# Which boot is a potential winner for me?



## Reynouts (Sep 18, 2014)

Hi guys,

Apprantly I am riding in too big boots for 5 years already. 

I have been modifying the boots until the biggest pain went away in the years.
I added a thick sole under the liner and using some superfeet soles.
But reading up on this topic on this forum, I realize the boots are way too big and it's time to get it right!

Current boots: K2 Raider 42,5 EU / 27,5 Mondo

Today I measured my feet using the method described by @Wiredsport :notworthy:
Seems that I am indeed riding wrong boots that are 1,5/2 sizes too big for me.
Should have measured this way 5 years ago..

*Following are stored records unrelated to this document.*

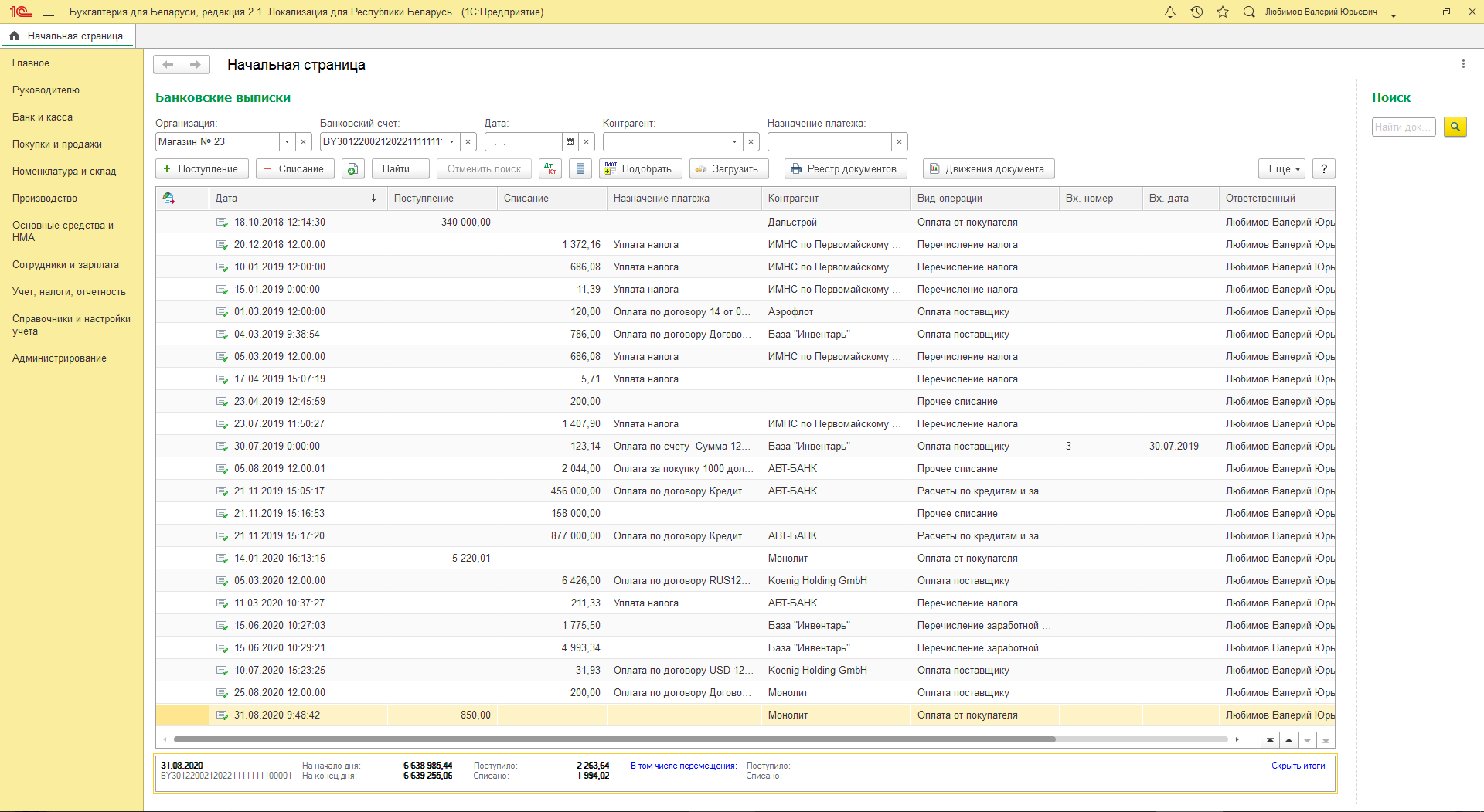 - автоматическое выполнение завершающих операций месяца;
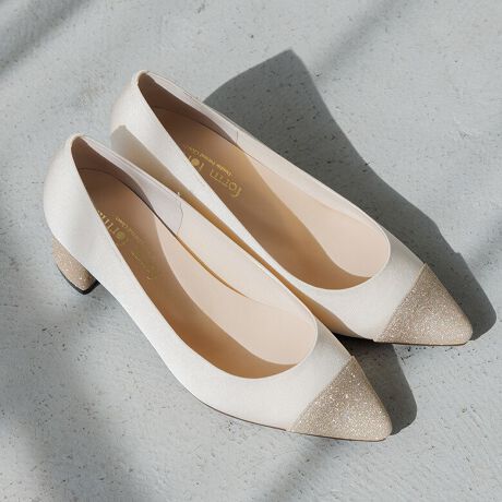 結婚式やセレモニーシーンは、長時間立つことも多いので、1.安定感のあるヒール 2.高すぎないヒールがとっても重宝されます。
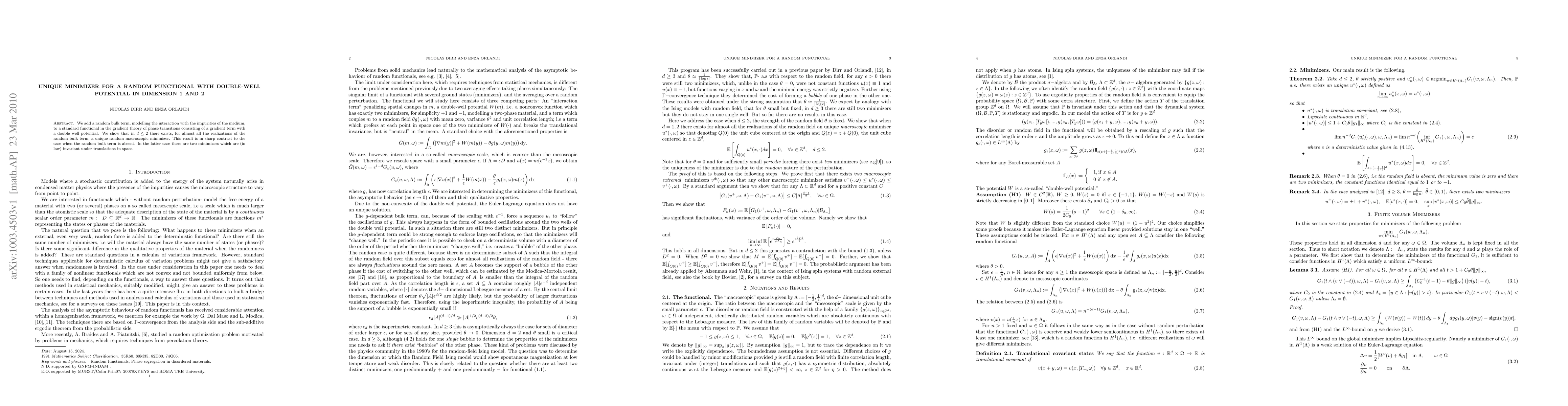 We add a random bulk term, modelling the interaction with the impurities of the medium, to a standard functional in the gradient theory of phase transitions consisting of a gradient term with a double well potential. We show that in $d\le2$ there exists, for almost all the realizations of the random bulk term, a unique random macroscopic minimizer. This result is in sharp contrast to the case when the random bulk term is absent. In the latter case there are two minimizers which are (in law) invariant under translations in space.

Right foot: length = 25,7cm / width = 9,3cm
Left foot: length = 26,0cm / width = 9,1cm

I got a bit of a high arch in my feet.

I am looking preferably for double BOA styled boots with middle-of-the-road flex (allmountain-freestyle oriented).
Snowboard shops "close" to me are selling the following BOA boots:

Shop 1
- 32 Lashed Double BOA
- Burton Concord
- Burton Photon
- Burton ION

Shop 2
- 32 Lashed Double BOA
- Vans Aura
- K2 Maysis
- Ride Lasso

Haven't fit one of them yet, but am wondering if one of these boots could suit my feet (keeping the width and arch of my feet in mind).
Maybe I need to find different shops with more choice, or also look at speedlace system boots.

Any suggestions for which boot could suit me or other boots I really should look into?

Thanks! :snowboard3:


----------



## kriegs13 (Nov 28, 2016)

Go to the shops and try them on. They're all good but only your feet will know which are right.
I would ay you can eliminate the Photon and Ion; IMO they are more on the stiff side of medium stiff. I really like my K2 maysis and I would say theyre a true midflex..the Conda system is good for some, hated by others. I like the Ride Lasso that I tried on. If I were buying new boots today, they would be a strong contender.

For arch, plan on investing in some good insoles.


----------



## chomps1211 (Mar 30, 2011)

^this^

Seriously,.... try them *All* on. Only way you're gonna know. 

As far as useless opinions from total strangers go,... > I have wide feet /w a high arch & instep. I've been riding 32 ST Boas for 5 seasons. IMO, 32's seem to b better at accommodating larger volume feet. :dunno:

I Sized down from 10.5 to 10's last season. (....wired's boot sizer puts me in a 9.5 but I can't make that work comfortably due to foot pain from sum _seriously_ mis-shapened dogs!!!) :laugh: :blink:

I wanted a stiffer boot than I was riding so I went with the 32 Binary Boas. I like them a lot.


----------



## Reynouts (Sep 18, 2014)

Thanks. I would really like to try them all, but I like to make a choice which shop could be the one with the best options for my feet. They aren't very near. 

What I didn't find yet is if the width of my feet is normal, wide or narrow and which boots accommodate this.


----------



## Jonny C (Mar 16, 2017)

For all mountain freestyle, you can remove the Ions as well.


----------



## kriegs13 (Nov 28, 2016)

Reynouts said:


> Thanks. I would really like to try them all, but I like to make a choice which shop could be the one with the best options for my feet. They aren't very near.
> 
> What I didn't find yet is if the width of my feet is normal, wide or narrow and which boots accommodate this.




Definitely figure out your width before. Check the wired thread and then measure your foot. It’ll help you figure your stats. 


Sent from my iPhone using Tapatalk


----------



## Reynouts (Sep 18, 2014)

kriegs13 said:


> Definitely figure out your width before. Check the wired thread and then measure your foot. It’ll help you figure your stats.


Already measured that (see my OP).

Right foot: length = 25,7cm / width = 9,3cm
Left foot: length = 26,0cm / width = 9,1cm


----------



## kriegs13 (Nov 28, 2016)

Reynouts said:


> Already measured that (see my OP).
> 
> 
> 
> ...




Oops. My bust. 


Sent from my iPhone using Tapatalk


----------